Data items
---

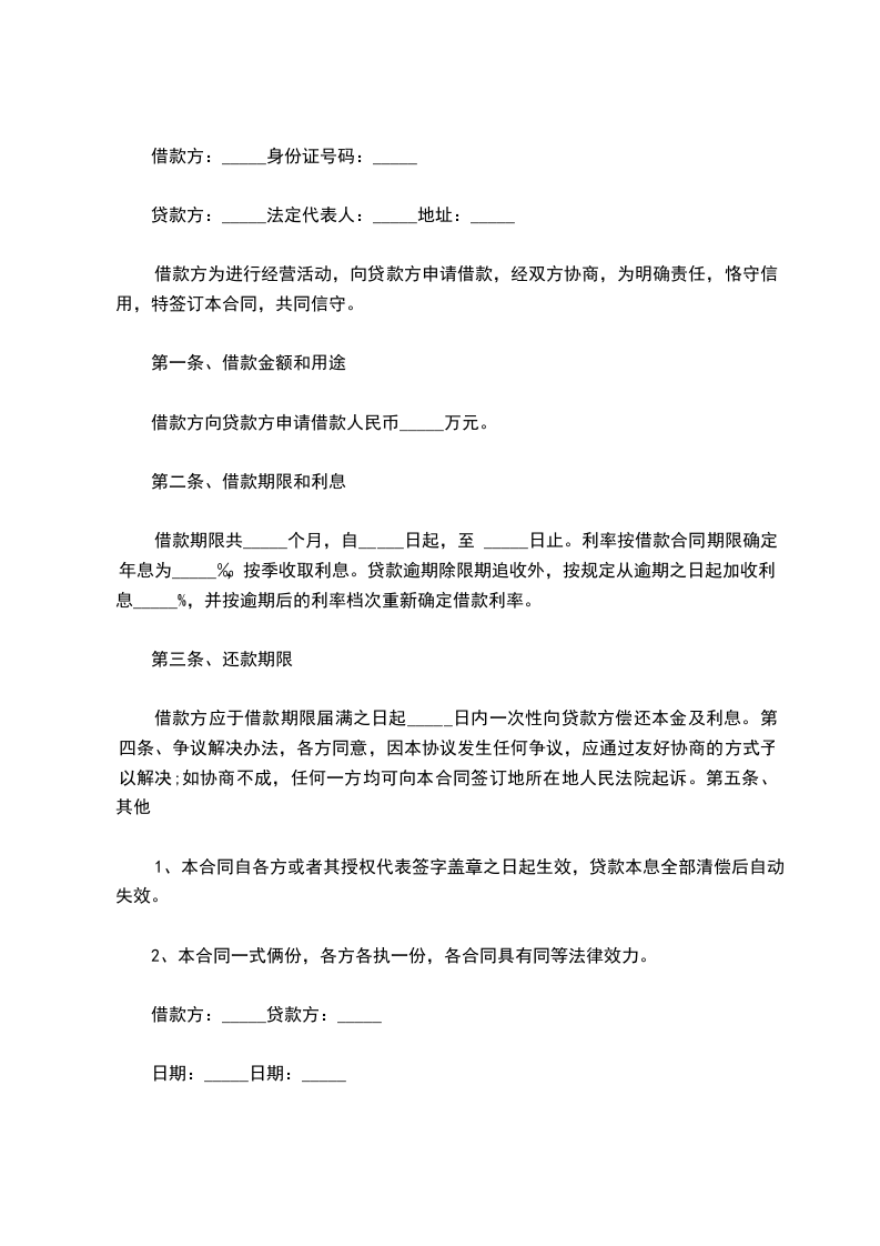 借款期限共()个月,自年()月()日起,至()年()月()日止。利率按借款合同期限确定年息为()‰,按季收取利息。贷款逾期除限期追收外,按规定从逾期之日起加收利息()%,并按逾期后的利率档次重新确定借款利率。
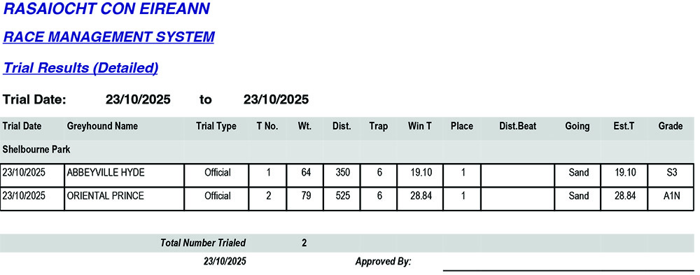 Shelbourne Park Trial Results Thursday 23/10/2025:
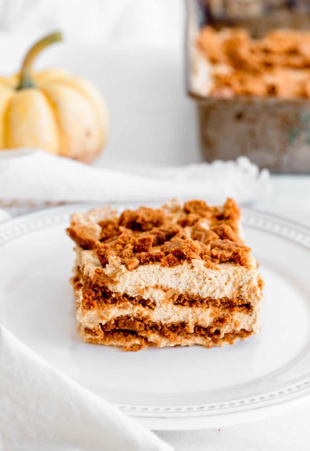 This Pumpkin Icebox Cake is a sweet and creamy dessert that is easy to make and overflowing with cinnamon and pumpkin flavor. Simply whip up a batch of homemade cinnamon pumpkin whipped cream and layer it with Biscoff cookies for a festive fall dessert everyone will love!
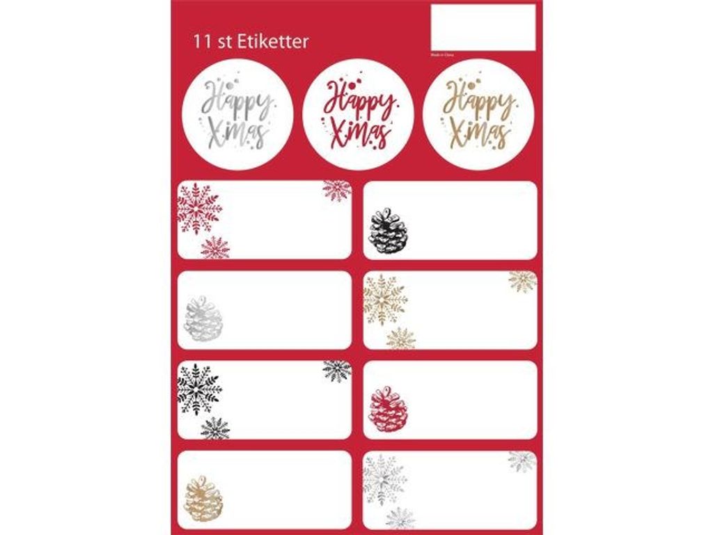 Beskrivning av Christmas Stickers Fina etiketter där du snabbt och lätt kan klistra på paketet och skriva en personlig hälsning. Klisteretiketter med julinspirerande motiv. - FSC-certifierade - Storlek: 16x23cm - 2 ark/fp - 11 etiketter/ark
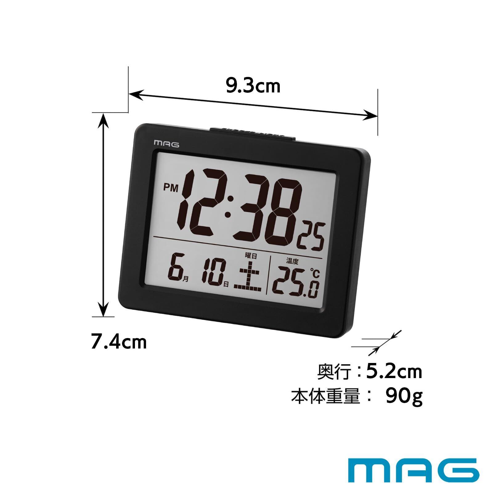 MAG(マグ) 目覚まし時計 置き時計 小型 小さい デジタル 温度計 カレンダー 電子音 アラーム スヌーズ ライト ブラック ブリム T-779A BK-Z ノア精密
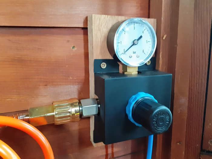 The compressor needs to be dry and away from the elements. In my system the compressor is in the summer house where it’s under cover and there is a power supply, the compressor I have was supplied with a hose using PCL XF type fittings. As I had a regulator to hand, I Installed this permanently into the summerhouse which connects to the compressor by this hose. This means I can set the system pressure without adjusting the regulator on the compressor and therefore doesn’t need resetting if the compressor is used elsewhere.
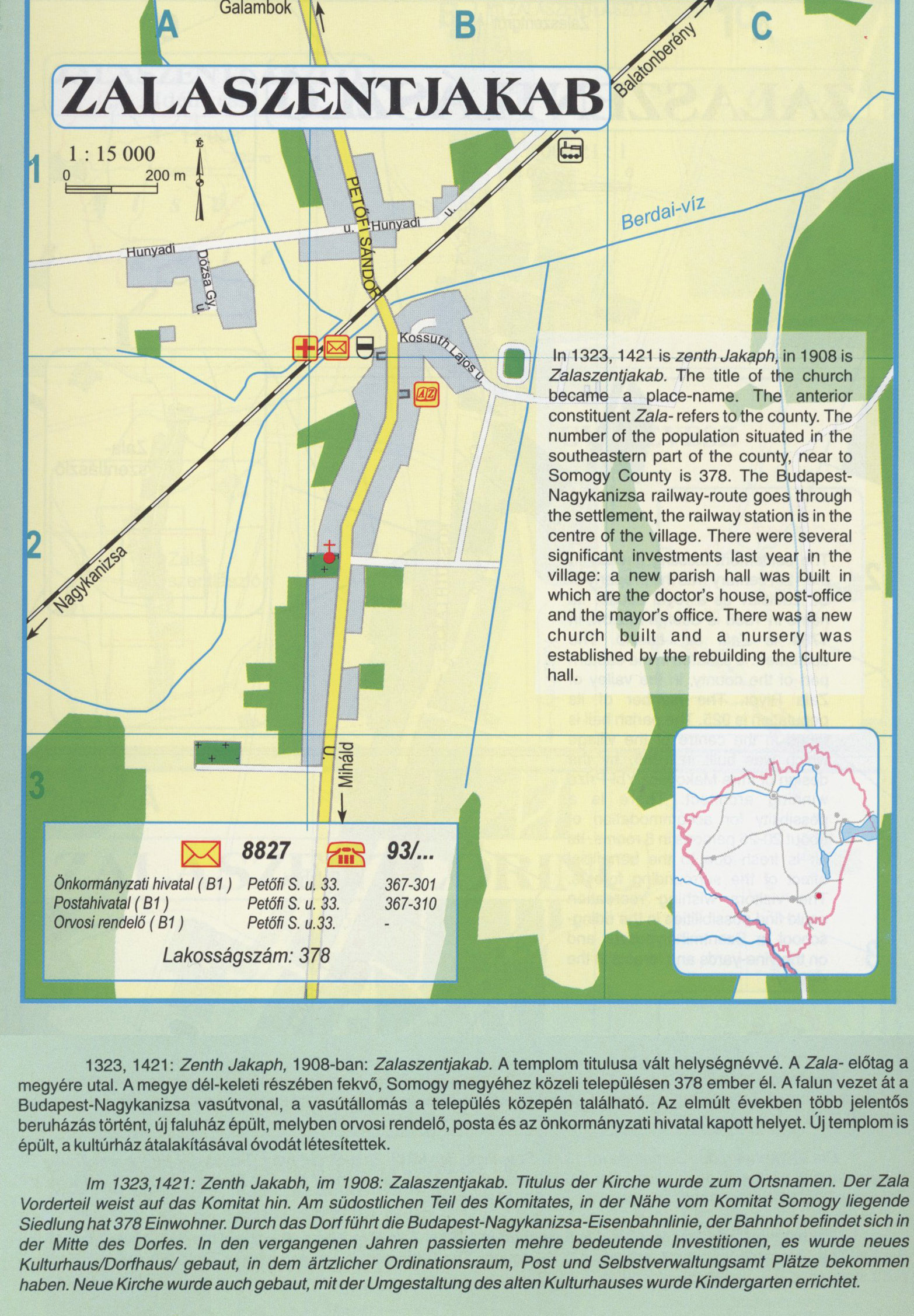 Nyilvános 1969 | 6710 | ZALASZENTJAKAB | 1323, 1421: Zenth Jakaph, 1908-ban: Zalaszentjakab. A templom titulusa vált helységnévvé. A Zala- előtag a megyére utal. A megye dél-keleti részében fekvő, Somogy megyéhez közeli településen 378 ember él. A falun vezet át a Budapest-Nagykanizsa vasútvonal, a vasútállomás a település közepén található. Az elmúlt években több jelentős beruházás történt, új faluház épült, melyben orvosi rendelő, posta és az önkormányzati hivatal kapott helyet. Új templom is épült, a kultúrház átalakításával óvodát létesítettek. lm 1323,1421: Zenth Jakabh, im 1908: Zalaszentjakab. Titulus der Kirche wurde zum Ortsnamen. Der Zala Vorderteil weist auf das Komitat hin. Am südostlichen Teil des Komitates, in der Nähe vom Komitat Somogy liegende Siedlung hat 378 Einwohner. Durch das Dorf führt die Budapest-Nagykanizsa-Eisenbahnlinie, der Bahnhof befindet sich in der Mitte des Dorfes. In den vergangenen Jahren passierten mehre bedeutende Investitionen, es wurde neues Kulturhaus/Dorfhaus/ gebaut, in dem ärtzlicher Ordinationsraum, Post und Selbstverwaltungsamt Plätze bekommen haben. Neue Kirche wurde auch gebaut, mit der Umgestaltung des alten Kulturhauses wurde Kindergarten errichtet. In 1323,1421 is zenth Jakaph, in 1908 is Zalaszentjakab. The title of the church became a place-name. The anterior constituent Zala- refers to the county. The number of the population situated in the southeastern part of the county, near to Somogy County is 378. The Budapest-Nagykanizsa railway-route goes through the settlement, the railway station is in the centre of the village. There were several significant investments last year in the village: a new parish hall was built in which are the doctor\'s house, post-office and the mayor\'s office. There was a new church built and a nursery was established by the rebuilding the culture hall. A részlet a következő kiadványból származik/Die Teile stammen vom volgenden Buch/This text came from the following book: Cím/Titel/Title: Zala megye településeinek atlasza - 257 település részletes térképe/Atlas der Komitat Zala - 257 Detailte Siedlungskarten/Zala county\'s Atlas - 257 settlement maps. Közreműködő/contributor: Lackner László (1943) (fotó) Kiadás/Ausgabe/Publisher: Gyula : HISZI-MAP, 1997 Sorozat/Serie/Series: Indulástól - megérkezésig... ETO: 912(439.121-2) ; 908.439.121 Cutter: Z 19 ISBN: 963-610-025-4 Oldalszám/Seiten/Pages: 323, 81 p. Megjegyzés/Note: Lezárva/Abgeschlossen am/Closed am: 1997. máj. 30. |
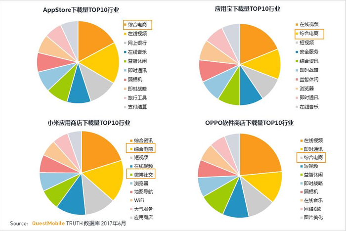 ·6月是电商大促月,所以综合电商行业在各应用商店下载都排名较前;微博社交行业在小米应用商店表现突出。
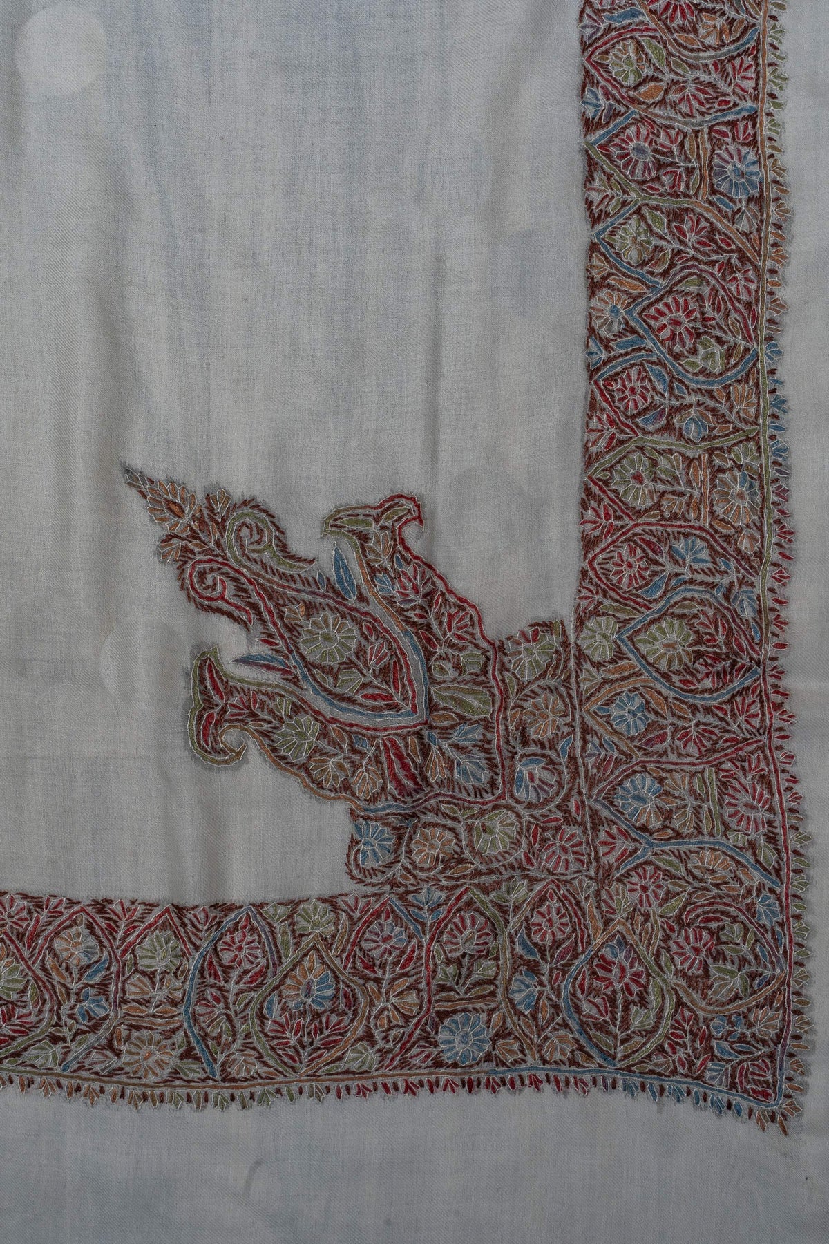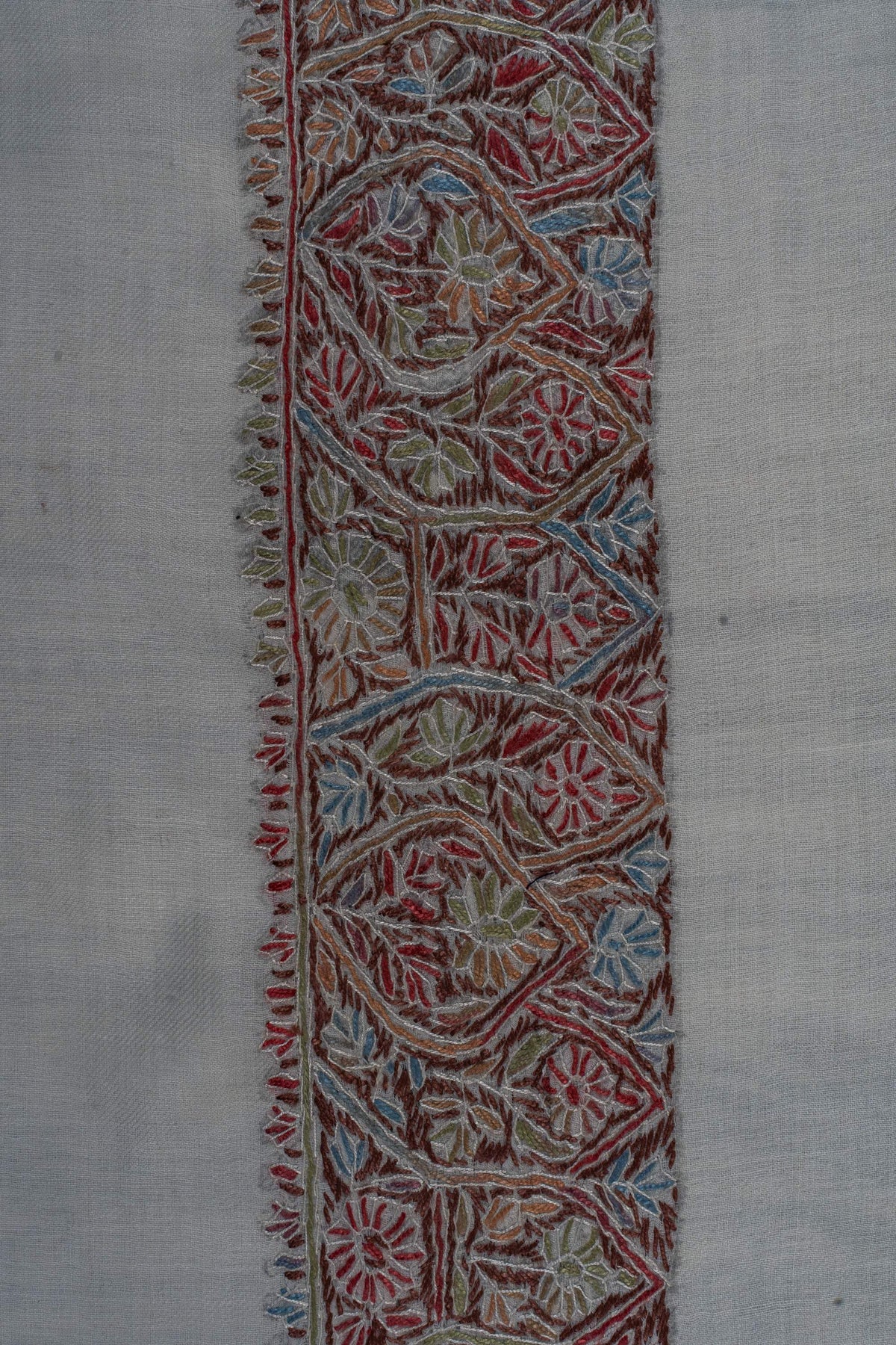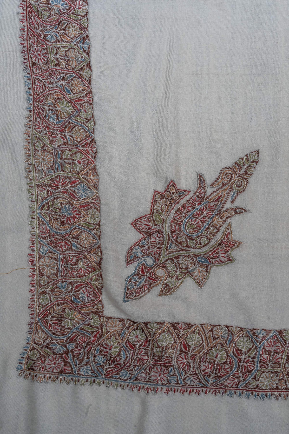 The embroidery is Sozni, showcasing dense handwork in earthy reds, moss green, muted blue, and warm ochre tones. An intricate corner paisley flows into a richly patterned border, reflecting the rhythm and depth of Kashmiri floral artistry. The result is a vibrant yet balanced piece that adds character and timeless charm to both ethnic and modern attire.
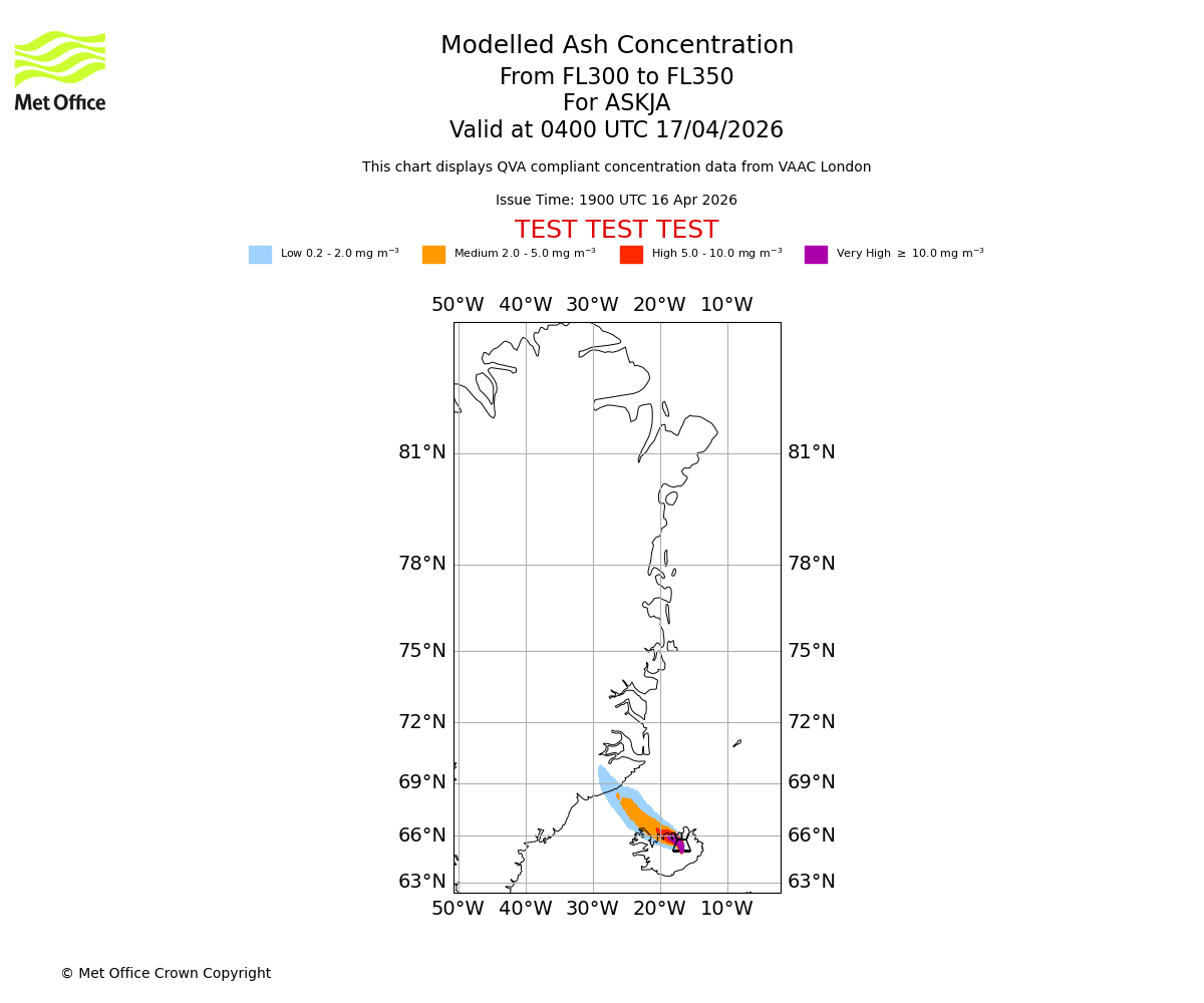 Modelled ash concentration from 300 to 350 for ASKJA. Valid at 0100 UTC 17/04/2026

---

◆ Try it
When you reach the line with "Shelbourne Park Trial" in the records above, begin repeating the lines exactly, and stop after the line with "MAG(マグ) 目覚まし時計 置き時計". Skip all pictures.

◆ Task answer
 Shelbourne Park Trial Results Thursday 23/10/2025:
 This Pumpkin Icebox Cake is a sweet and creamy dessert that is easy to make and overflowing with cinnamon and pumpkin flavor. Simply whip up a batch of homemade cinnamon pumpkin whipped cream and layer it with Biscoff cookies for a festive fall dessert everyone will love!
 Beskrivning av Christmas Stickers Fina etiketter där du snabbt och lätt kan klistra på paketet och skriva en personlig hälsning. Klisteretiketter med julinspirerande motiv. - FSC-certifierade - Storlek: 16x23cm - 2 ark/fp - 11 etiketter/ark
 MAG(マグ) 目覚まし時計 置き時計 小型 小さい デジタル 温度計 カレンダー 電子音 アラーム スヌーズ ライト ブラック ブリム T-779A BK-Z ノア精密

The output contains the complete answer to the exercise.